Background

Highly active anti-retroviral therapy (HAART) is associated with a number of serious and potentially life-threatening adverse events, including drug-induced liver injury (so called "hepatotoxicity"). Previous studies demonstrated the association of hepatotoxicity in HIV-infected patients treated with HAART, co-infected with hepatitis C virus (HCV) [110]. However, incidence and risk factor data for liver enzyme elevations in large cohorts of HCV-HIV co-infected patients are lacking.

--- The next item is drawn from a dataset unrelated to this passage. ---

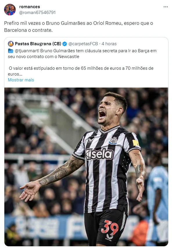 Há uma semana, o volante brasileiro Bruno Guimarães estendeu o seu vínculo com o Newcastle por mais cinco anos, até a temporada de 2028. Porém, a longa extensão do contrato não foi o que chamou a atenção do público. Segundo apuração do jornal espanhol Sport, o acordo entre clube e atleta teria uma “cláusula secreta”, que facilitaria a contratação do meio-campista por uma única equipe: o Barcelona.

Hepatotoxicity has been associated with any currently used anti-retroviral (ARV) drugs but existing studies fail to demonstrate a consistent association between a particular drug or drug class and the development of subsequent hepatotoxicity, although in a single cohort-study involving HCV positive and negative patients the recent use of nevirapine (within 12 weeks of initiating therapy) and the use of full-dose ritonavir (600 mg bid) have been implicated [9].

It is a general belief that non nucleoside reverse transcriptase inhibitors (NNRTI), especially nevirapine, have a class effect in terms of abnormal liver enzyme levels, but an increased rate of serious clinical (symptomatic) hepatotoxicity has not been comparatively demonstrated in general patient populations yet. Moreover, risk of hepatotoxicity has been shown to be dependent on several concomitant conditions, such as viral co-infection, plasma drug levels, gender and degree of immune damage [11].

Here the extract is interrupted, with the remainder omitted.